Why this matters: If someone searches "red bathroom sink luxury", and a product matches "red", "bathroom", and "sink" well but has no "luxury" in the name, traditional scoring would be heavily penalized. This function can ignore the worst match ("luxury") and still rank the product highly.

Layer 5: Business Logic Integration

The search isn't just about relevance – it integrates crucial business rules:

Smart Stock Filtering

WHERE (isSearchBarEligibleByStock = true OR exactMatchPriority = 2)

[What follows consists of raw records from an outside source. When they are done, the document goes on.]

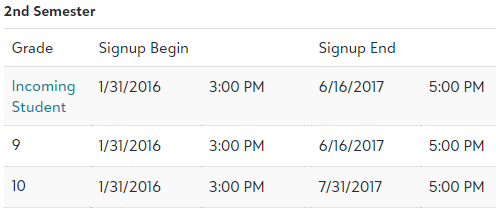 Term Settings determine when each user type can create course requests, how long they can submit requests, and how many course requests they must select per term. Each grade level can have different Signup Begin and End dates and different Minimum and Maximum course enrollment counts. Tip: Learn more about Course Requests Setup. |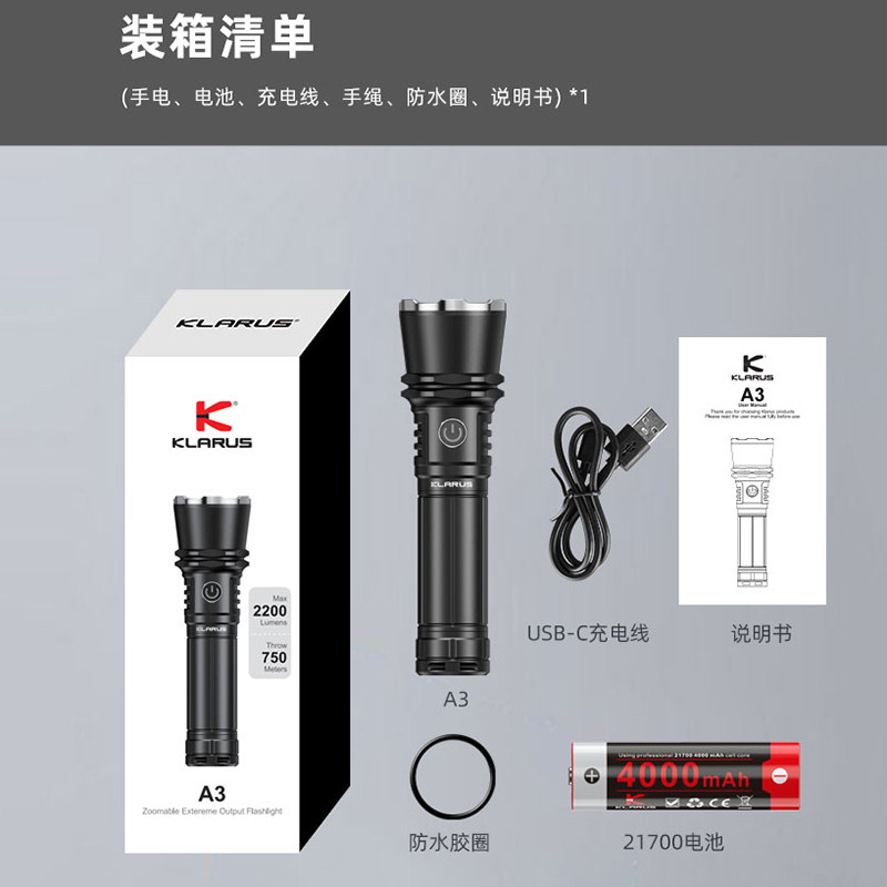 淘宝KLARUS凯瑞兹A3可调焦手电筒可充电 远射超亮聚光家用强光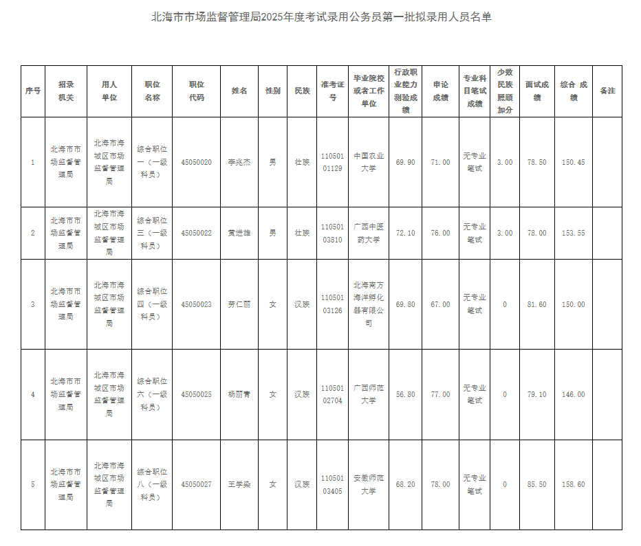 北海市市場(chǎng)監(jiān)督管理局2025年度考試錄用公務(wù)員擬錄用人員公示(第一批)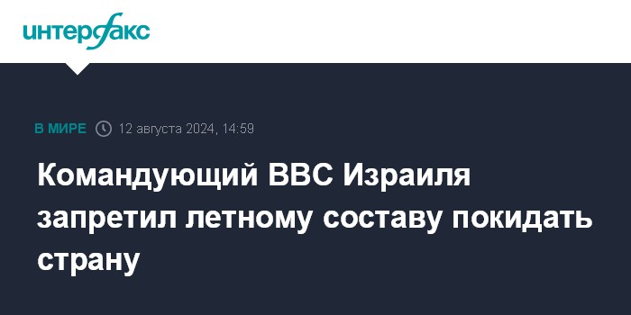 Москва. 12 августа. INTERFAX.RU - Командующий Военно-воздушными силами Израиля генерал-майор Томер Бар запретил летному составу покидать страну из-за возможного скорого удара Ирана по Израилю, сообщает в понедельник The Times of Israel.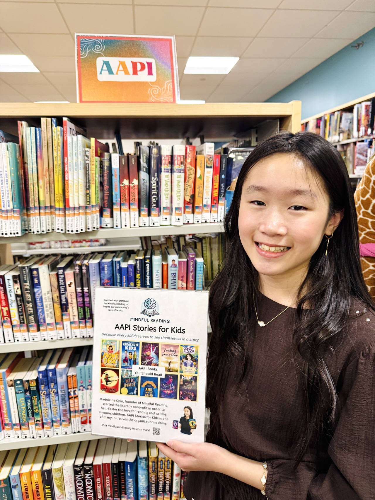 长岛大颈南初的13岁华裔女生金嘉雯发起「亚裔童书故事计画」(AAPI Stories for Kids),与图书馆与学校合作设立专属亚裔童书书架与推荐书单。(受访者提供)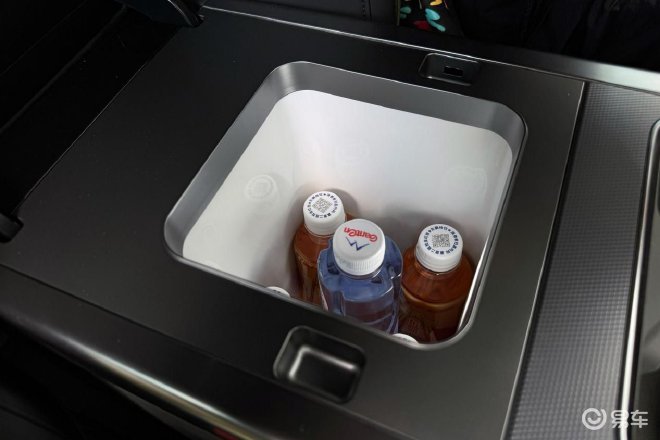 中控台下的隐藏格空间很实用,此外车内还有24个储物空间。中央扶手箱里藏着智能冷暖冰箱,可实现-6℃-50℃宽域调节,实用性还是非常高的,尤其在重庆当天接近40的高温环境,随时能喝到冰凉的饮料,简直不要太爽。冰箱具备5L的容积,轻松放6罐可乐不成问题。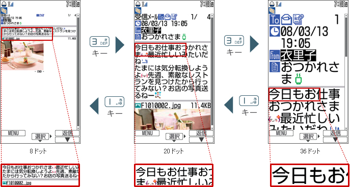 受信メール閲覧時にワンタッチの簡単操作で本文表示の拡大・縮小が8段階で行えます(1キー:縮小、3キー:拡大、2キー:元サイズ)。周囲の視線が気になる場所では、いつもより文字を小さくしてメールチェックすることもできるので、のぞき見防止をはじめ、さまざまなシーンで役立ちます。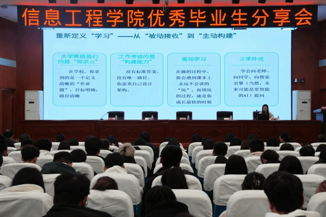 10月15日,信息工程学院在南岗校区艺学楼报告厅举办以“榜样引领共成长 追光前行向未来”为主题的优秀毕业生分享会。信息工程学院党政班子成员出席,全体教师与2024级、2025级学生代表共同参会。本次会议由教学副院长黄宝坤主持,旨在通过优秀毕业生的经验分享,帮助在校同学科学规划大学学习与生活,树立正确的成才观、就业观,全面提升就业技能与实践能力。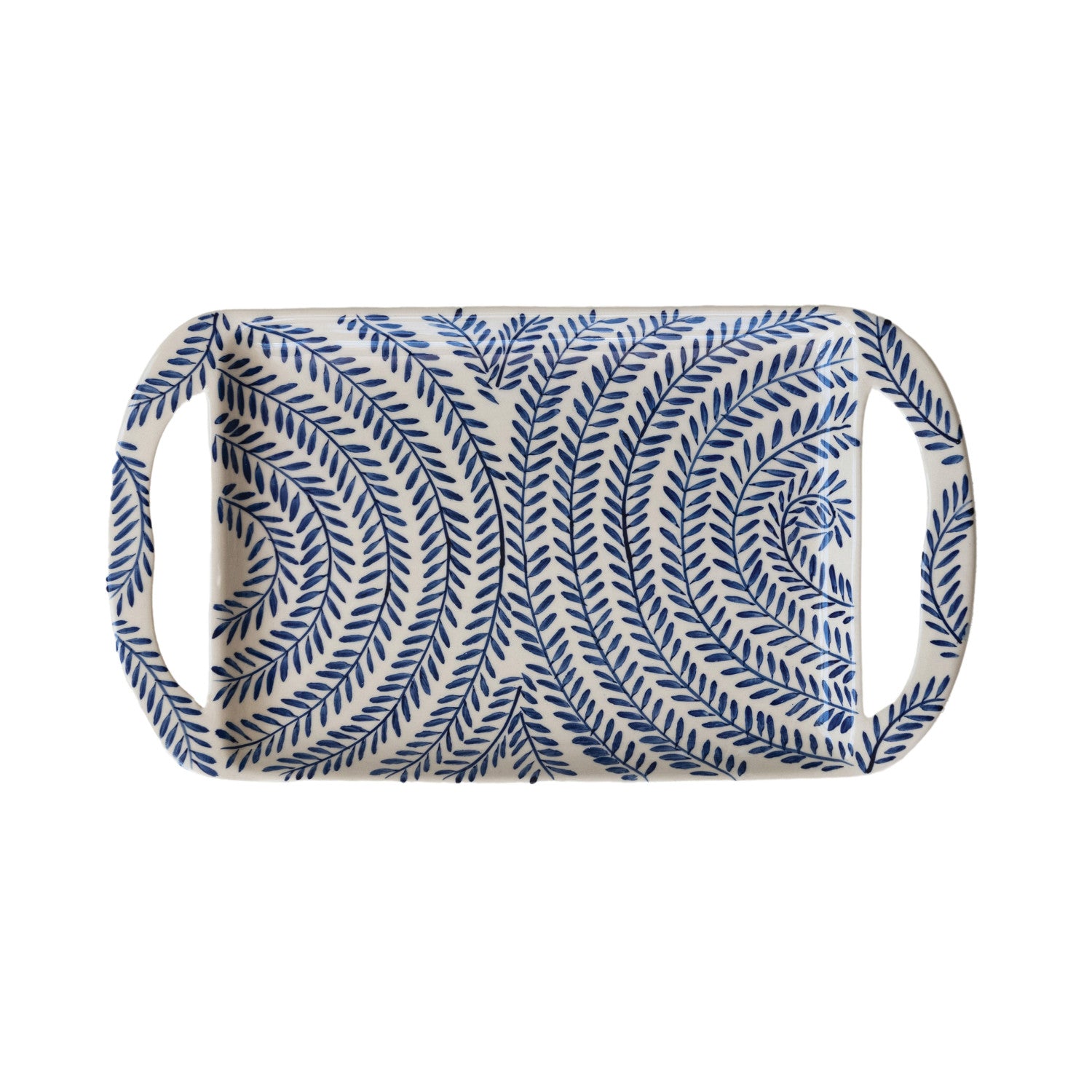 Hand-Painted Stoneware Tray with Botanical Pattern & Handles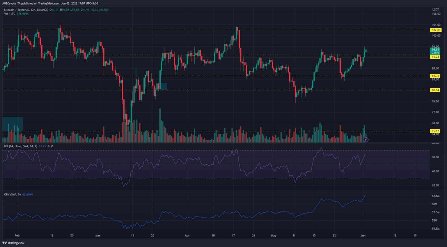 Litecoin [LTC] maintained its upward momentum, flipping the $93 resistance to support. LTC’s 6.5% gains in the past 24 hours saw it achieve a session close above the $93 resistance level.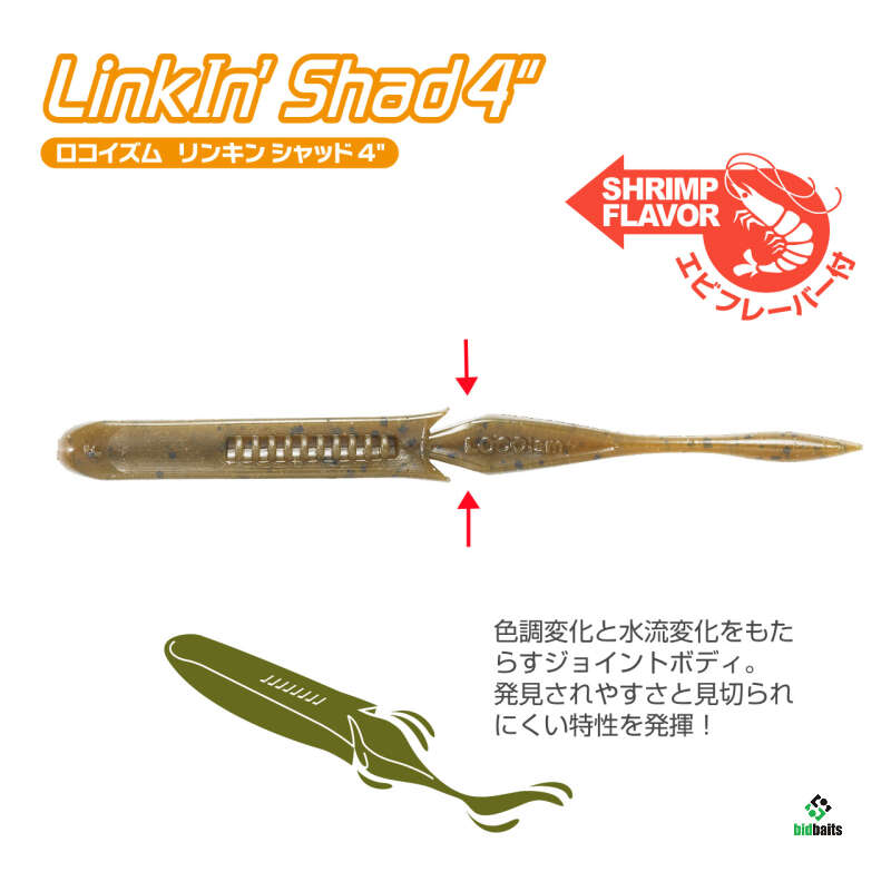 Tiemco LOCOism Linkin Shad 4 inch #133 Green Pumpkin / Black & Blue Flake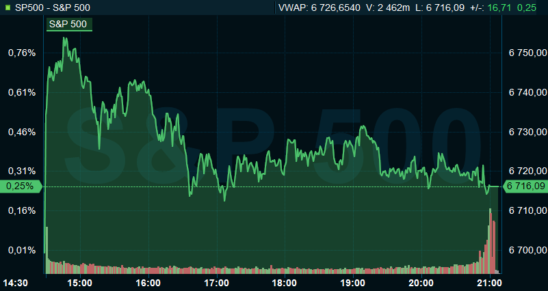 Vid stängning var S&P 500 upp 0,3 procent till 6.716, och räknat från Stockholmsbörsens stängning hade indexet sjunkit marginellt. Dow Jones industriindex avancerade med blygsamma 0,1 procent till 46.993, medan Nasdaq Composite var upp 0,5 procent till 22.479.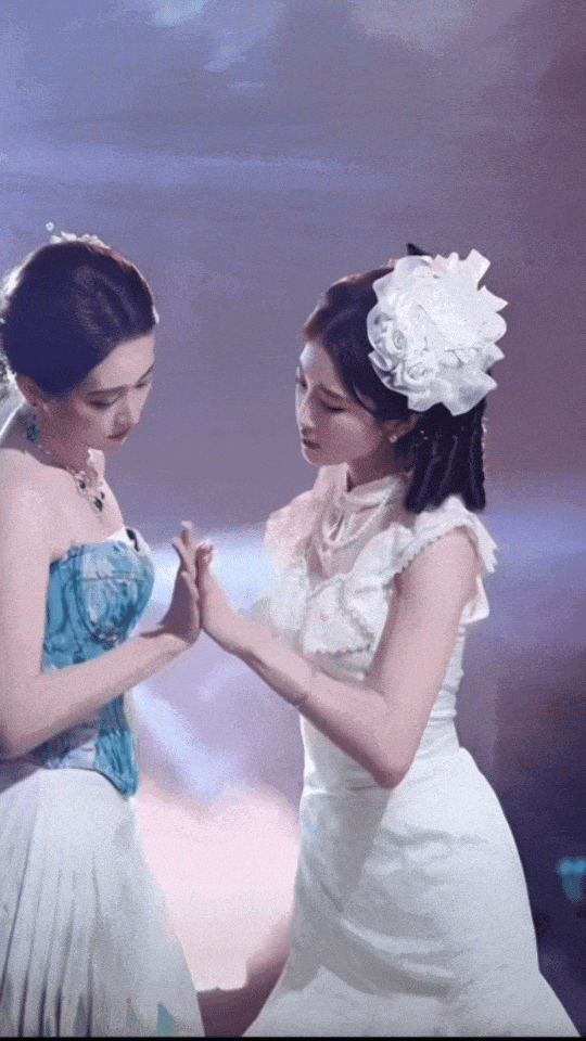 在同个直播间,甚至能看到扮上红毯造型的刘亦菲,与《金粉世家》女主角白秀珠(刘亦菲饰)手牵手跳舞,瞬间打破次元壁。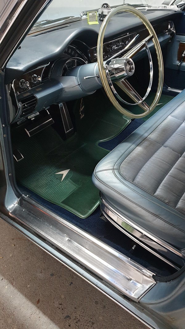 Aujourd'hui, enfin hier... remontage de la partie basse du tableau de bord après avoir passé une durite de dépression pour un accessoire que j'ai reçu (ouverture du coffre à distance). Du coup, comme il faut aussi démonter tous les seuils du côté gauche, petit coup de lustrage à l'huile de coude. Résultat : va falloir que je fasse pareil à droite car désormais ils sont moches par rapport à ceux du côté gauche, et la crasse que l'on voit sur le bord inférieur, et bien il va falloir l'enlever aussi car ça fait "tache" maintenant. Autre idée qui me trotte dans la tête, reteinter les tapis en caoutchouc, car ils étaient turquoise à l'origine (la partie cachée n'a pas tourné au vert...). Et aussi trouver un sellier pour remplacer le tissu et les mousses de la banquette avant.

Out-of-stock products don't appear UNLESS someone searches for an exact code.

Promotion Boosting

const PROMOTED_CODES = ['NQS_F4GM']

// In the ORDER BY:
CASE WHEN fp.code = ANY(${PROMOTED_CODES}) THEN 1 ELSE 0 END DESC,

Certain products get boosted for business reasons.

Multi-Factor Ranking

ORDER BY
  promoted_products DESC,        -- Business priority
  avg_similarity DESC,          -- Relevance score
  avg_similarity_without_worst DESC, -- Fallback relevance
  categoryPriority DESC,        -- Category importance
  plcRank DESC                  -- Product lifecycle stage

The Complete Implementation

Here's the full search endpoint that brings it all together:

import { z } from 'zod'
import { getProductsSearchSchema } from '~/schemas/search.schema'
import { Prisma, ProductLine } from '@prisma/client'
import { removeWordsBetweenFirstAndLast } from '~/utils/global.utils'
import type { Language } from '~/schemas/language.schema'
import { prepareStockToResponse } from '~/utils/product.utils'
import { getFinishIdFromQueryParam } from '~/utils/finish.utils'
import _ from 'lodash'

const PRODUCTS_QUERY_SENSITIVITY = 0.35
const PROMOTED_CODES = ['NQS_F4GM']

type QueryResult = {
  result: {
    data: any[] | null
    total_count: number
    zones: string[] | null
    finishes: { id: string; translations: { [key in Language]: string } }[] | null
  }
}[]

const PREPOSITIONS: { [key in Language]: string[] } = {
  pl: ['bez', 'dla', 'do', 'na', 'nad', 'pod' /* ...150+ more Polish prepositions */],
  de: ['an', 'auf', 'bei', 'durch', 'für' /* ...40+ German prepositions */],
  en: ['about', 'above', 'across', 'after' /* ...40+ English prepositions */],
  ru: ['в', 'на', 'к', 'по', 'с' /* ...30+ Russian prepositions */],
  hu: ['alatt', 'által', 'ellen' /* ...25+ Hungarian prepositions */],
  ro: ['cu', 'de', 'din', 'în' /* ...30+ Romanian prepositions */],
  fr: ['à', 'après', 'avant', 'avec' /* ...30+ French prepositions */],
  it: ['a', 'con', 'da', 'di' /* ...25+ Italian prepositions */],
  uk: ['в', 'на', 'до', 'з' /* ...30+ Ukrainian prepositions */],
  sl: ['v', 'na', 'pri', 'za' /* ...30+ Slovenian prepositions */],
  es: ['a', 'ante', 'bajo', 'con' /* ...25+ Spanish prepositions */],
}

export default defineEventHandler(async (event) => {
  const {
    q: qRaw = '',
    page,
    limit,
    zone,
    finish,
  } = await getValidatedQuery(event, getProductsSearchSchema.parse)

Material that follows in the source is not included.